The cooks’ taste in music was eclectic and so it was always
interesting to hear what was going on in the back. One day,
I was taking a long drink of water and Andy changed out the CD. A great sweep of violins filled the space,
followed by two sustained notes by an amazingly powerful voice. We were four measures in and I was
hooked. “Who is this?” I asked.
“Etta James.” Andy told me.
I’d never heard of her, but I found reasons to wander
through the kitchen again and again as the CD played. It wasn’t long before I had my own copy. Etta James. Her best. Then, I would annoy the cooks and sing along,
telling them that my voice was just like hers.
We all new that it wasn’t, and they felt free to remind me.
I lived with four roommates at the time—all women, all in
similar life transitions as I was. Given
that we were young and in our twenties, we all smoked and would often sit
around the kitchen table drinking cheap wine, smoking and talking. There would usually be music playing and Etta
James was in heavy rotation. I’m glad I
don’t smoke anymore and that my life is not as full of transitions, but I
wouldn’t trade those conversations around the table.
It seems like everyone knows, “At Last.” I once read that countless brides have swept
down the aisle to it, and it was played at Barack Obama’s inauguration. One year at Boston’s Fourth of July Fireworks
celebration, I even saw fireworks explode in time to it. It’s a good song and I
like it too, but it’s not my favorite Etta James song. That would be “Sunday Kind of Love.”
I’ve rejected marriage for myself, so I won’t be sweeping
down the aisle to “At Last,” but even if I was going to get married, it would
be the choice anyway. It’s a song that’s
bit too sure of itself, and I sometimes worry that the singer maybe isn’t quite
able to see the whole picture. That perhaps she’s overcompensating in some way. I mean, “my lonely days are over, and life is
like a song.”? I’ve read enough novels
to know that you can be lonely, even after your love has come along and “life
is like a song” is a bit too fairy tale for me.
“Sunday Kind of Love” however is more of a classified ad, or
a nice list of goals. The song starts
with just her big powerful voice, telling us that she "wants a"—and then the band
comes in on “Sunday kind of love/A love
to last past, Saturday night.” At the
time I heard this song, I was in what seemed at the time to be an extended
period of not being in a relationship.
In fact, Linda McCartney died and Paul McCartney mourned and remarried
and I was still not in a relationship.
“I’ve been single longer than Paul McCartney!” I exclaimed to my friend
while looking at the magazine cover of the wedding picture while standing in line
at the store. The older woman behind me snorted with laughter.

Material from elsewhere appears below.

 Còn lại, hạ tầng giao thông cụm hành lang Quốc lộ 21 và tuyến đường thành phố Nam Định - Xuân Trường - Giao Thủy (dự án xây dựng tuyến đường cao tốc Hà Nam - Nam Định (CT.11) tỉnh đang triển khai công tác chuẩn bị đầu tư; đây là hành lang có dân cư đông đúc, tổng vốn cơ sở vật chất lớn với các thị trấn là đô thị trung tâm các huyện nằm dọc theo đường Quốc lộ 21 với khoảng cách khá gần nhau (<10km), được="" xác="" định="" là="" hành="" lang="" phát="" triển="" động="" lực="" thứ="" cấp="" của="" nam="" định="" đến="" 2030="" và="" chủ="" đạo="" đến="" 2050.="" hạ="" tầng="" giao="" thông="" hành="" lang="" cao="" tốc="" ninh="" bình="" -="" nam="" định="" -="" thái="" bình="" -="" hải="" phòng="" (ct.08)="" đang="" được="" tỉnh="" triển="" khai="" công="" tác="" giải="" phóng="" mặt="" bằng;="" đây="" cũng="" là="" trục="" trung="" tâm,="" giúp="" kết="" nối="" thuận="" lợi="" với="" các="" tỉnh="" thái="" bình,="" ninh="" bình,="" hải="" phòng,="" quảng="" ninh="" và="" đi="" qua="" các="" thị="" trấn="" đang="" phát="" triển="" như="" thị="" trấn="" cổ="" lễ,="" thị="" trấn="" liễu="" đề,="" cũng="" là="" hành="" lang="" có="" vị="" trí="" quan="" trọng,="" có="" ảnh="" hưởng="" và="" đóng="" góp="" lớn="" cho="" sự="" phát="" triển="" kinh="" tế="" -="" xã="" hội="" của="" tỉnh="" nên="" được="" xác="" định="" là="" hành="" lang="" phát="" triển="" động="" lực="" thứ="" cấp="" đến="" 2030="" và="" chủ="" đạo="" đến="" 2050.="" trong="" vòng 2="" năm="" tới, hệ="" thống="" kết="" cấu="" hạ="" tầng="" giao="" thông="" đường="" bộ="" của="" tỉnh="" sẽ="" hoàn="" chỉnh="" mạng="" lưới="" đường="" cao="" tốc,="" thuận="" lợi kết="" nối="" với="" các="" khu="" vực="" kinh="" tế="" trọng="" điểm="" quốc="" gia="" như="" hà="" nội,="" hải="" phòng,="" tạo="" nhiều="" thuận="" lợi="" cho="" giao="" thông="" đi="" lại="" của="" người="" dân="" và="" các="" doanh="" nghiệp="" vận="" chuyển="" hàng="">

I dated, which was no fun at all, and cycled through some
relationships that were Junior High in length—no more than a few weeks. My lack of a steady relationship was one of
many unsure things in my life: When would I move to Portland? What would I do
for a living? Should I go back to
school? Would that job over there be better for me? Who, exactly would love me?
I related to Etta James “Sunday Kind of Love” lament. And I eventually figured things out, mostly.

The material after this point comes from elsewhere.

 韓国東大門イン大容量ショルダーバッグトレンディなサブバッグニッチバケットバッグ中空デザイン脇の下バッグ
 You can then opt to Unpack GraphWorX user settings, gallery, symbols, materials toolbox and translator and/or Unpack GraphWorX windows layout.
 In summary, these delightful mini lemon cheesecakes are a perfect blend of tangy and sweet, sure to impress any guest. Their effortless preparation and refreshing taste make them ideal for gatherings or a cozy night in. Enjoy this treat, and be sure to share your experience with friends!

*Watching on TV with the rest of my fifth-grade class
**Working at a liquor store in Boise, Idaho. I’d just come from my other job at a Super 8
motel and I heard the news on the radio.
My friend Sara, who worked there too, commented that she thought I had
heard, or she would have told me.
I like this essay because it takes me to another time (other times) in our friendship. I really only know Etta's hits. But I remember all of our correspondence from this time. You trying to explain to me what Bread and Circus was. I remember you had to liken it to the Coop, because I simply had no frame of reference for a gourmet supermarket. Now, of course, Whole Foods is everywhere (even in Boise) and I have shopped there. It was such a context for your life and I just didn't quite get it. Then I worked in the Coop deli for a summer and I had a much greater feel for your experience. Now I need to go listen to Sunday Kind of Love.
ReplyDeleteThanks to youtube. Oh yes, I know this song! I was feeling out of the Etta loop. I like how it has a little sass to it, while it is still a lament.